> _Instructions for the task_
The copy has to match the data exactly and leave out every picture.

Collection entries
□ □ □ □ □

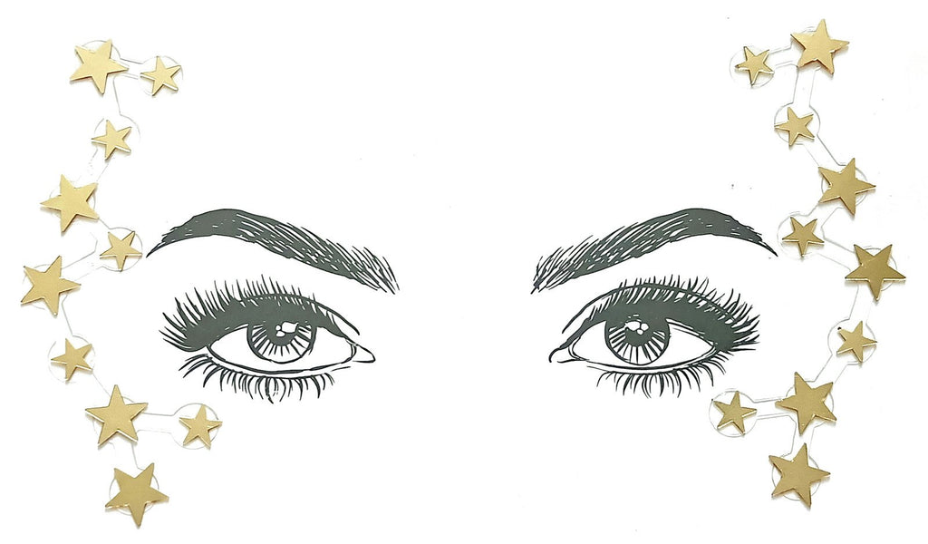 Adhesive Face/ Body Jewels. Pack Includes one set of reusable Face Jewels, simply peel and stick. Can be re applied with Eyelash Glue or Spirit gum.
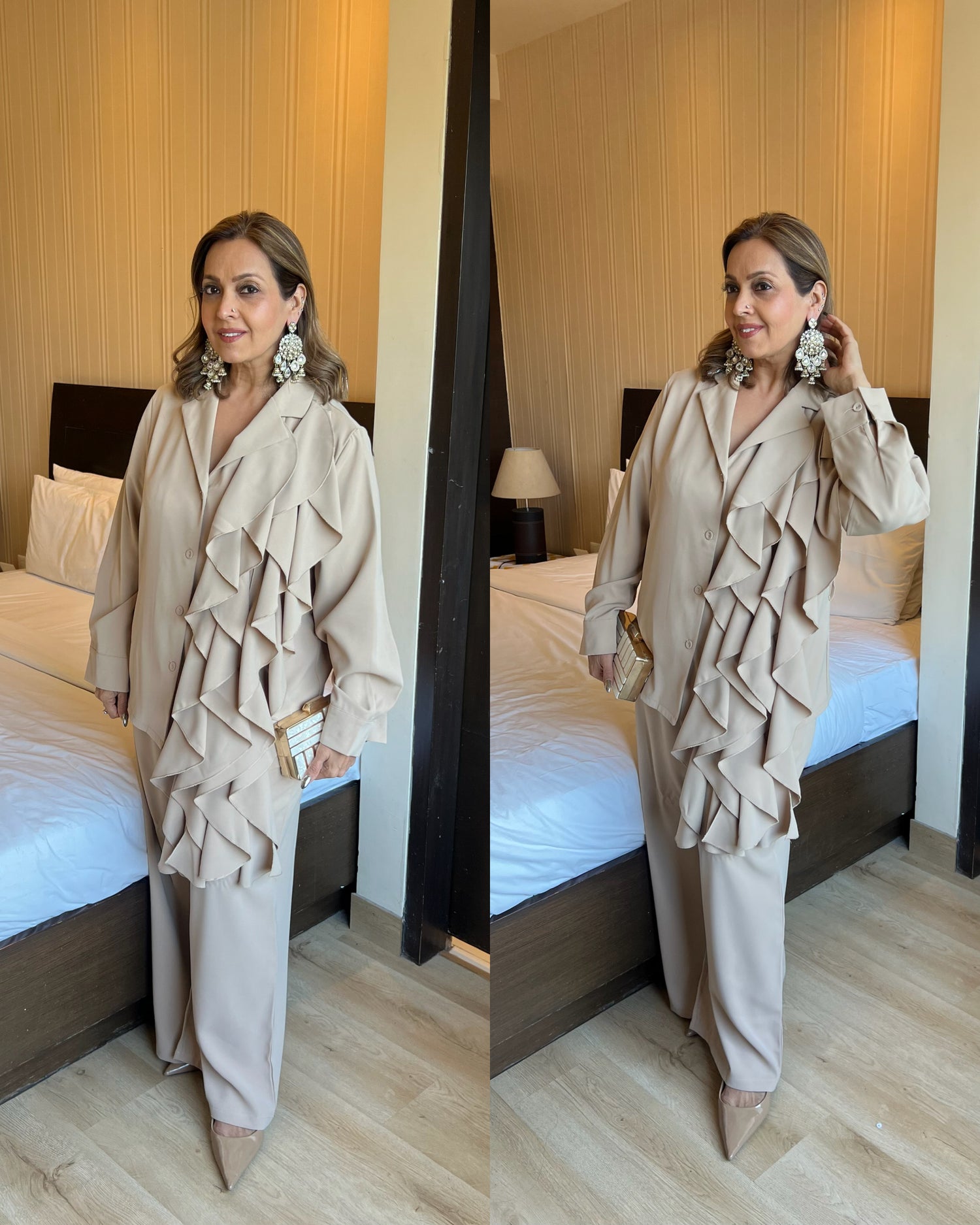 Nude beige frilly set
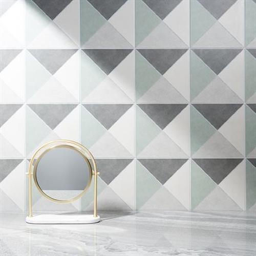 Artstract Diamond Sage features a bold geometric pattern in soothing green tones on an 8.78″ matte porcelain tile. Suitable for walls and floors, indoors or out. With a PEI 3 rating and frost resistance, it’s ideal for both residential and commercial use. Sold by the box (20 tiles).
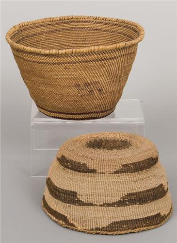 Two Northwest Coast and California Baskets. (1) Makah- finely woven - 4 ½” x 8". Good condition. (2) Modoc Basketry hat is 3 ½” x 6". Fine condition. (est $600-700)
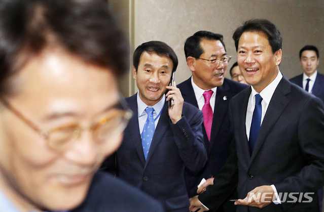 【서울=뉴시스】이종철 기자 = 6일 서울 여의도 국회 의원회관에서 열린 국회운영위 국정감사에 출석하는 임종석 대통령비서실장이 밝은 표정으로 입장하고 있다. 왼쪽은 경질 이야기가 나오는 장하성 정책실장. 2018.11.06.
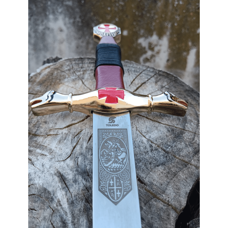 No punhal pode ler-se ao lado da cruz chutada: "Sigillum militum xpristi". lema dos Cavaleiros Templários.
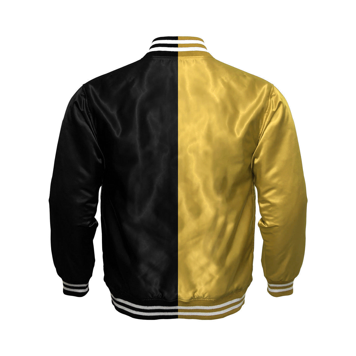 Varsity Jacket made from  Premium quality Satin body with fine quality polyester quilted lining in side of Jacket, Rib on collar, Buttons on front of Jacket, cuff & bottom of Jacket, Internal and External pocket.
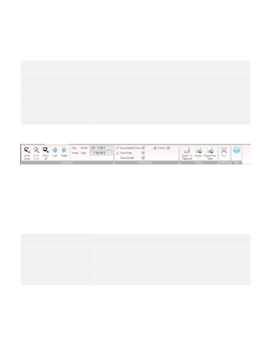 navigate in graphs and tables. The following items are available in the dose navigation toolbar:

□ □ □ □ □

> _Task solution_
 Adhesive Face/ Body Jewels. Pack Includes one set of reusable Face Jewels, simply peel and stick. Can be re applied with Eyelash Glue or Spirit gum.
 Nude beige frilly set
 Artstract Diamond Sage features a bold geometric pattern in soothing green tones on an 8.78″ matte porcelain tile. Suitable for walls and floors, indoors or out. With a PEI 3 rating and frost resistance, it’s ideal for both residential and commercial use. Sold by the box (20 tiles).
 Two Northwest Coast and California Baskets. (1) Makah- finely woven - 4 ½” x 8". Good condition. (2) Modoc Basketry hat is 3 ½” x 6". Fine condition. (est $600-700)
 【서울=뉴시스】이종철 기자 = 6일 서울 여의도 국회 의원회관에서 열린 국회운영위 국정감사에 출석하는 임종석 대통령비서실장이 밝은 표정으로 입장하고 있다. 왼쪽은 경질 이야기가 나오는 장하성 정책실장. 2018.11.06.
 No punhal pode ler-se ao lado da cruz chutada: "Sigillum militum xpristi". lema dos Cavaleiros Templários.
 Varsity Jacket made from  Premium quality Satin body with fine quality polyester quilted lining in side of Jacket, Rib on collar, Buttons on front of Jacket, cuff & bottom of Jacket, Internal and External pocket.
 navigate in graphs and tables. The following items are available in the dose navigation toolbar:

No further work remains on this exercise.